そんな息子さんの話しを聞くたびに僕は心が痛くなり、彼の必死な想いになんとか答えたいと思っていました。


どうにかしてでも医院長と話すことは出来ないか?と考えた末に、僕は毎朝その病院に訪れて窓拭きをすることにしたんです。


朝、医院長が来る前に病院の窓拭きをしながら挨拶をしようと決めたんですね。

変でしょ?笑 でも当時の僕からすればそれぐらいしか思いつかなかったし出来なかった。


だから来る日も来る日も窓拭きをしては笑顔で医院長に挨拶してました。


しかも時期は12月だったので、真冬の窓拭きは死ぬほど嫌でしたけどね。
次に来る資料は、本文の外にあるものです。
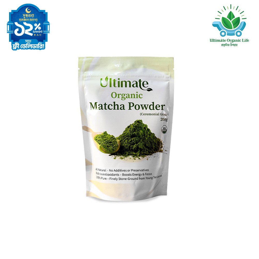 আল্টিমেট অর্গানিক Matcha Powder শতভাগ অর্গানিক পদ্ধতিতে উৎপাদিত, USDA সার্টিফায়েড এক ধরনের বিশেষ সুপারফুড। প্রিমিয়াম কোয়ালিটির জাপানিজ-স্টাইল মাচা পাউডারে সাধারণ গ্রিন টির তুলনায় প্রায় ১০ গুণ বেশি অ্যান্টিঅক্সিডেন্ট থাকায় শরীরকে প্রাকৃতিকভাবে ডিটক্স করতে সহায়তা করে এবং দীর্ঘমেয়াদি সুস্থতা ও এনার্জি ধরে রাখতে গুরুত্বপূর্ণ ভূমিকা রাখে।
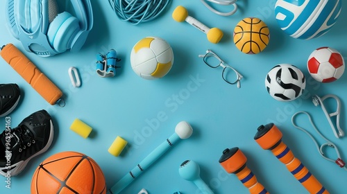 Blue Background Featuring a Set of Sports Equipment in Top View
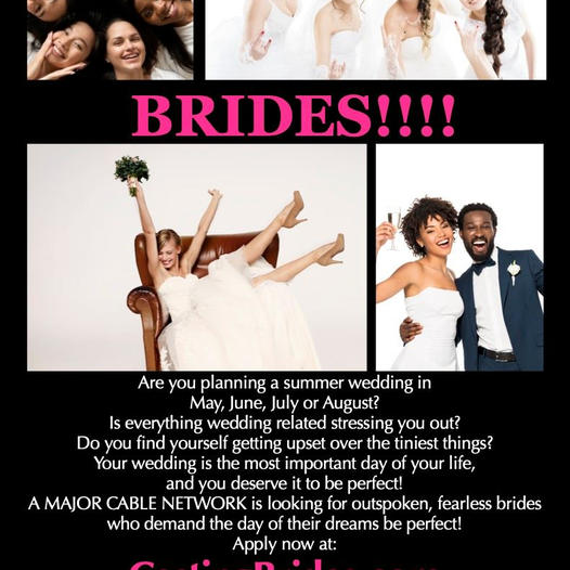Now Casting Future Brides in TEXAS and ATLANTA for a Wedding Show on a Major Cable Network.
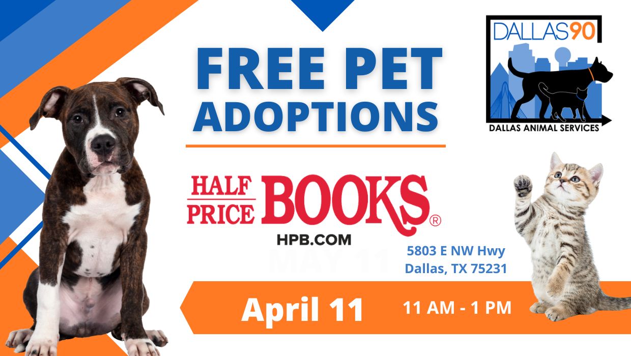 Come out to Half Price Books on E Northwest Hwy on Saturday, April 11 and meet some adorable, adoptable pets from Dallas Animal Services!
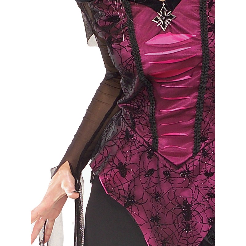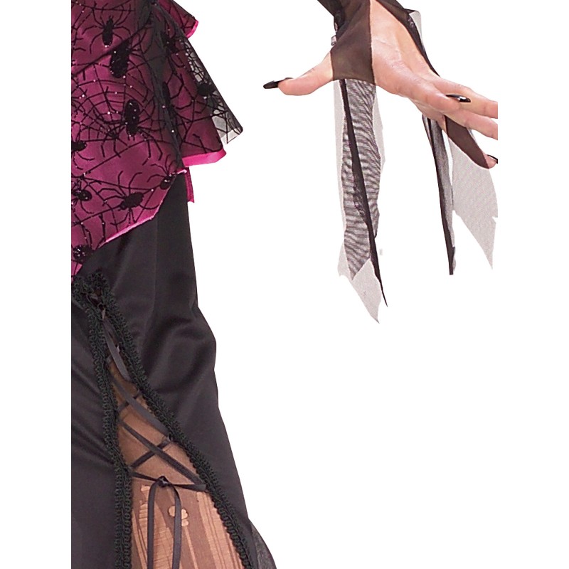 - Long tattered and torn dress with satin fitted bodice featuring lace and spiders in webs and wide off the shoulder stand up collar
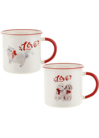 Кухлі порцелянові "Милі Зверята" - в наборі 2 кухлі (чашки) з котенятами і цуценятами в крафтовой картонній упаковці. Повний об'єм 350мл. Класична циліндрична форма з великою зручною ручкою червоного кольору. Можна мити в посудомийній машині і використати в режимі підігрівання в мікрохвильовій печі.
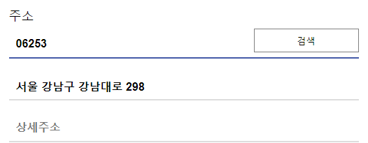 우편번호 서비스 페이지를 참고해 주소 검색이 가능하게 끔 만들어봤습니다
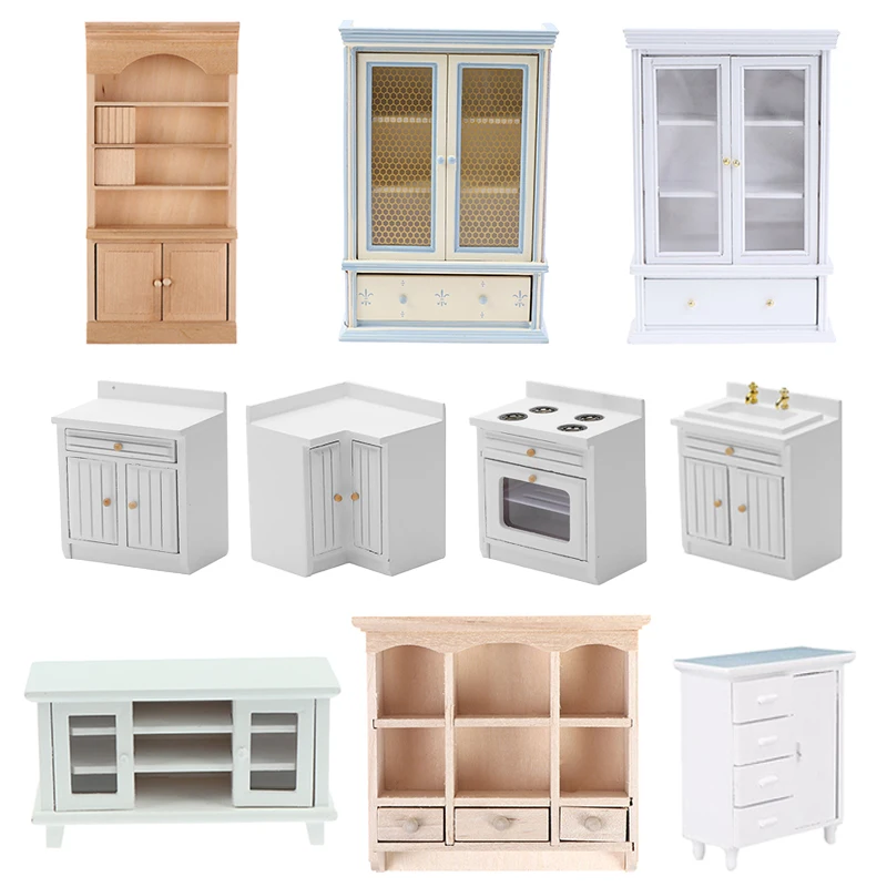 Миниатюрная кухонная мебель для кукольного домика 1:12, 1 шт., белые шкафы, витрина, детский подарок
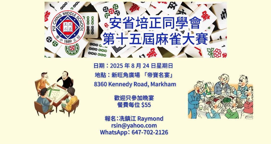 感謝同學們的支持,8 月 24 日的第十五屆麻雀大賽經已額滿。但當天的晩宴仍有空位, 歡迎大家約埋級社同學參加, 餐費每位 55 元, 報名請與捷社冼鎮江同學聯絡。 當天盈餘將全數捐予香港培正, 作為修葺中學部 E 座校舍及添置更新教學器材之用, 敬希大家踴躍支持。
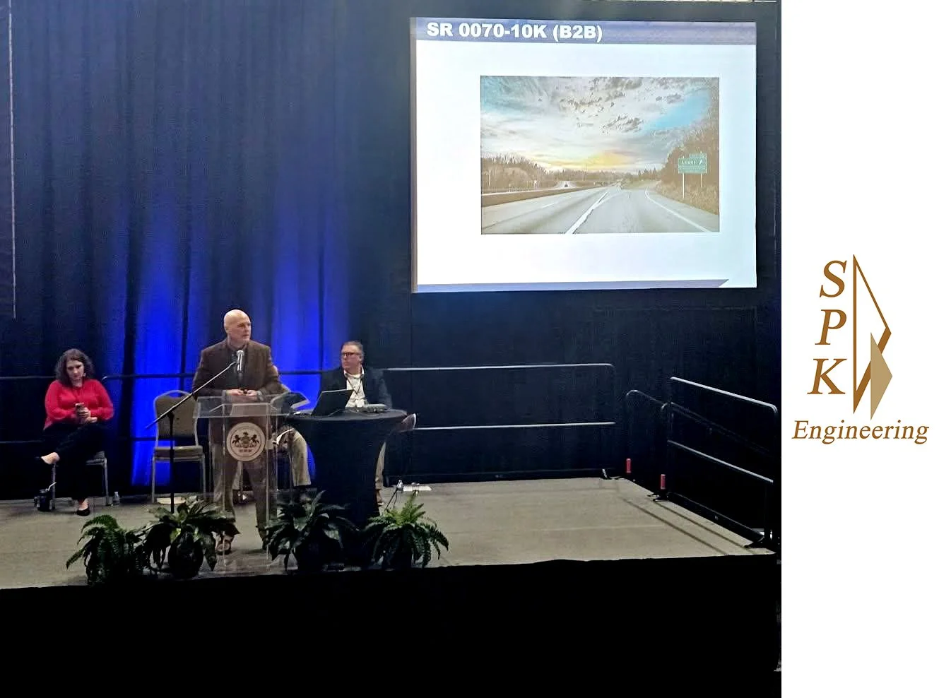 Angela Baker, Planning and Programming Manager, Patrick Richter, SPK Project Manager, Chad Basinger, Swank Construction Company and Domenic Caruso, Construction ACE presented “The Life Cycle of a Project” at the District 12 Winter Construction School held at PennWest California University on Friday February 14, 2025.

笑


そんな努力が実ったのか、ある日医院長から「お前と10分だけなら話してやる!」と言ってくれたんです。


話ができるだけでしたが僕は本当に嬉しかった。あの頑固な医院長が初めて認めてくれたような気がしたんです。


ただ、話しが出来ると言っても10分しか無いのでコンサルなんて出来ない。


結局僕は自分の自己紹介と医院長の話しを少し聞いただけでその日は終わりました。


でも不思議だったのが、それから医院長のほうからお呼びが掛かるようになったんですね。


っと言っても毎日通っているのに週に1回くらいでしたが…


それでも僕は「あの医院長が変わった!」と思うと素直に嬉しかった。これでやっと本格的にコンサルが始められると思いましたからね。


でも本当の戦いはそこからでした。


医院長と話しが出来る機会があっても、もちろん僕の話しなんてまったく聞いてくれない。
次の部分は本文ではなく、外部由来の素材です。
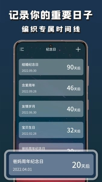 可以记录恋爱天数、结婚纪念日与恋爱纪念日的美好时光,支持正数日记录恋爱纪念、恋爱计时记日子;同时包含生日、节日、纪念日等重要日期的倒数日功能,是恋爱中重要日子的倒计时和计时器小助手。
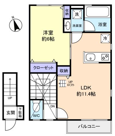 - LDK(11.4畳),洋室(6畳),その他(3.4畳)
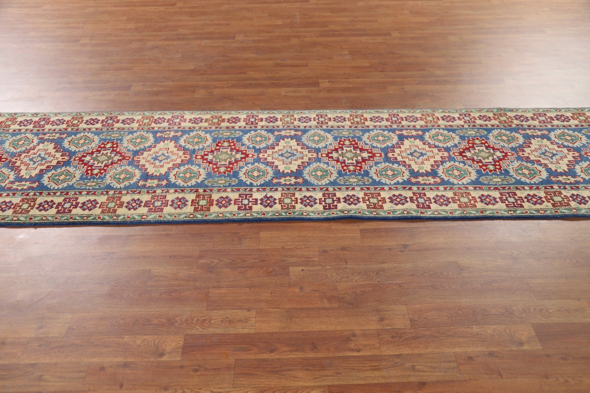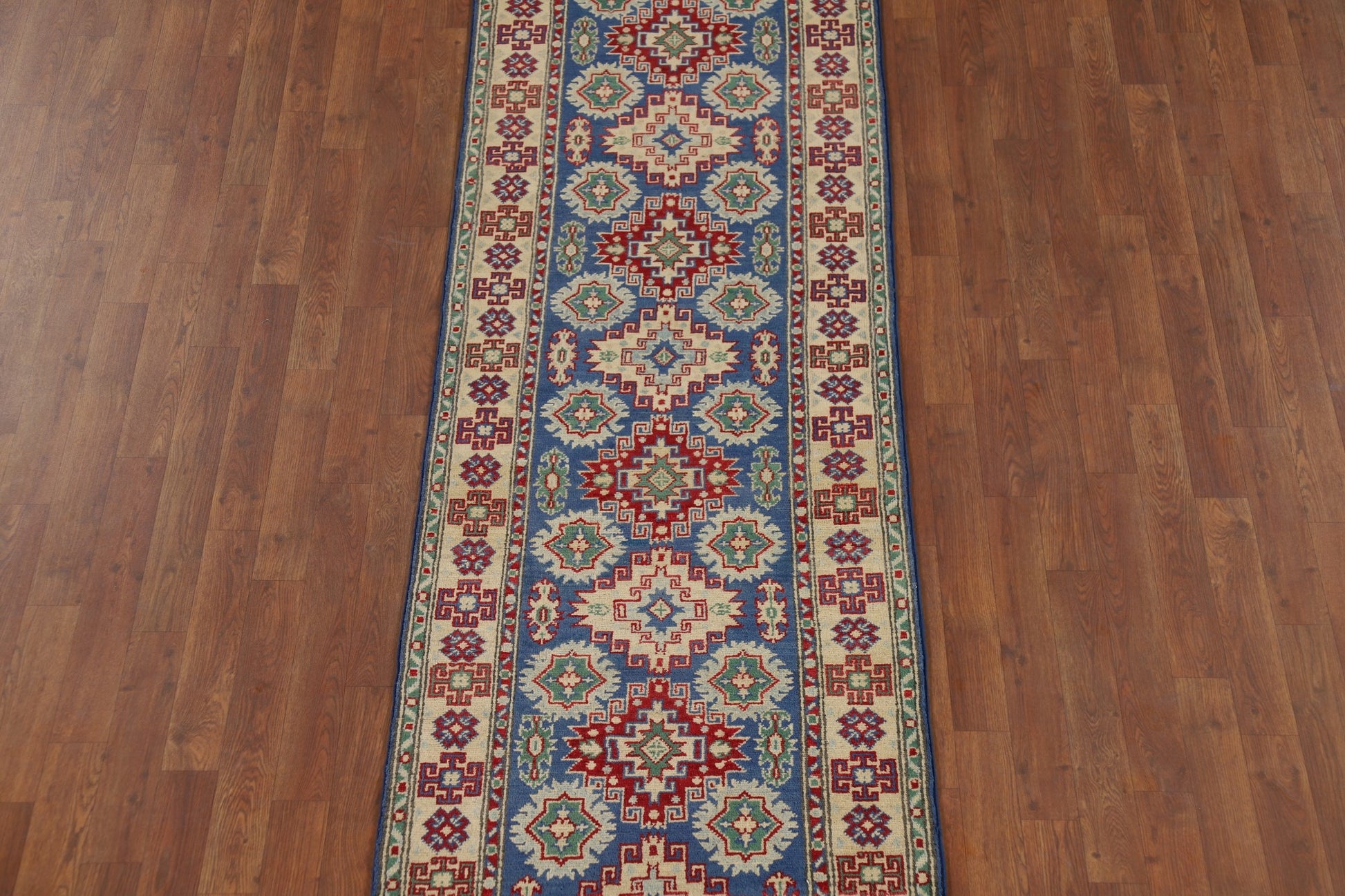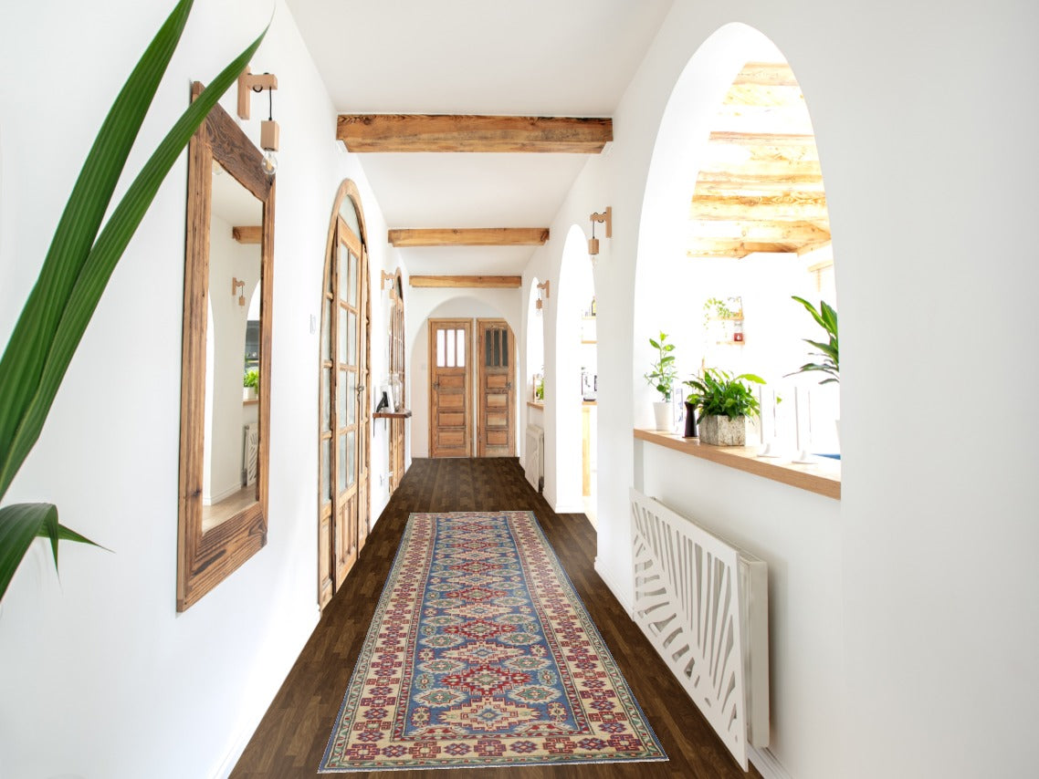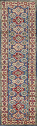 Blue Geometric Kazak Oriental Runner Rug 3x13

医院長がずっと話していて、息子や病院で働いている人たちに対しての不満や自分の自慢話しか出てきませんでした。「これじゃあ一向にらちがあかない…」と悩んでいましたが、医院長のマシンガントークにまったく隙はありませんでした。笑


結局そうこうしている間に3ヶ月が過ぎて、さすがに僕もヤバいなと焦っていました。仕事で来ている以上、何かしらの結果は出さないといけない。でも医院長との話しは一向に進まない…


そこで僕は覚悟して医院長にすべてを話そうと思ったんです。

病院で起こっている問題や医院長自身についてありのままに話そうと。


「これはもしかしたら最後になるかもしれない。」と僕は覚悟していたので、息子さんに一度相談してみることにしました。
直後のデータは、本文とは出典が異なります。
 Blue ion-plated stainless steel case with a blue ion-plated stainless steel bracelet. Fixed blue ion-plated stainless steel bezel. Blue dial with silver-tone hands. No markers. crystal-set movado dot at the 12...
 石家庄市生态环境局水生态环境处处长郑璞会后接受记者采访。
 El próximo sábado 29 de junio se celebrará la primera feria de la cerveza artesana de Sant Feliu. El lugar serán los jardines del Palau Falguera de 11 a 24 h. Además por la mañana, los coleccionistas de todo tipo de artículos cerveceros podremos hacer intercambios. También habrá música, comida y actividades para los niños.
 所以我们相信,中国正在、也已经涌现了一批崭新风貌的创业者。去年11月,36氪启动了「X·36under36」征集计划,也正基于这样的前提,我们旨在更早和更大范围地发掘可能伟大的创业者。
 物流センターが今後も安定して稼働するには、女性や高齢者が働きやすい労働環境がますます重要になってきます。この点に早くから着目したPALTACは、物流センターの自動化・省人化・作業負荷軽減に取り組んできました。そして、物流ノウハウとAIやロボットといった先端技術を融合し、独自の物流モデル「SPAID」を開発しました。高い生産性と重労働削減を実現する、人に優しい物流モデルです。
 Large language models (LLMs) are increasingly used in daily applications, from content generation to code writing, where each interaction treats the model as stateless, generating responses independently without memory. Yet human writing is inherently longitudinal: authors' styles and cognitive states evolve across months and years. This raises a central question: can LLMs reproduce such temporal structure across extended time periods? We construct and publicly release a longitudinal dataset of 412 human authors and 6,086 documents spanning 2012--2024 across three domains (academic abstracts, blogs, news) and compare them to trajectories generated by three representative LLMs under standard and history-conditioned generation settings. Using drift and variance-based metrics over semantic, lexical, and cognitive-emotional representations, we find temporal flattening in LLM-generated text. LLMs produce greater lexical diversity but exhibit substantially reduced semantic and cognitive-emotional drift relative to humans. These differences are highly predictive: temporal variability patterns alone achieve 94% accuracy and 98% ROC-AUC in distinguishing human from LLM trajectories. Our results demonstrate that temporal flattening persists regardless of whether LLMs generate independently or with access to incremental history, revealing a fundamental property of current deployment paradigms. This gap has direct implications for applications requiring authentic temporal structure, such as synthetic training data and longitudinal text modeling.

「このままでは改善しないので医院長にありのまま話してみようと思います。」と僕が息子さんに相談すると、彼のほうからも「ぜひ、それでお願いします。」と言ってくれたんですね。


だったらもうあの医院長とちゃんと向き合うしかない!と思い、僕は怖がりながらも医院長にすべてを話しました。


すると案の定、医院長は激怒して「お前は一体何様のつもりじゃ!部外者のくせに口を挟むな!出て行け!!」って大声で怒鳴られました。


僕は「あ〜やっぱりこうなったか…」と思うと、そのまま部屋を出て息子さんに一部始終を報告しました。


息子さんもそうなるだろうと思っていたので「杉村さん、嫌な役を押し付けてしまって本当にすいませんでした。」と謝られたのが逆に辛かった。


僕も毎日この病院には通っていたので、いつの間にか息子さんやそこで働く人たちのことが好きになってたんですね。


「僕のほうこそ何も力になれず本当にすみませんでした。」と言って僕は病院を後にしました。もうこれでここに来ることもないのかと思うと、心にぽっかり穴が空いたような感じになりました。


でもその3日後に息子さんから嬉しい連絡がありました。


僕が医院長にすべてを話した後、病院の会議でなんとあの医院長がみんなの意見を嫌々ながらも聞いてくれたと連絡があったんですね!しかも「あいつはどうした?」と言って、また僕と話しをする機会を作ってくれたんです。


僕はいてもたってもいられず、そのまま病院へと向かいました。もう夜だったのですが病院に着くと息子さんが笑顔で迎えてくれました。


それから僕は医院長と話すことになり、また病院に通うことになったんですね。


もちろん人はすぐに変わりませんから医院長と会ってもケンカすることのほうが多かったんですが、それでも確実に僕と医院長の関係は変わっていきました。


それと同時に医院長の態度も少しずつ変わっていき、会議でもみんなの意見を聞いたり、通路ですれ違うときに挨拶するようになったんですね。前は挨拶なんて絶対しませんでしたから大進歩です。笑


その変化に息子さんも大満足で、半年契約だったのを1年契約に切り替えてくれたんですね。僕もやっとこさ医院長や病院の雰囲気も変わってきたところだったので、中途半端な形で終わりたくは無かったので嬉しかった。


そうこうしてる間に月日は経ち、赤字だった経営も黒字に戻り、病院で働く人も誰も文句は言わないようになってたんです。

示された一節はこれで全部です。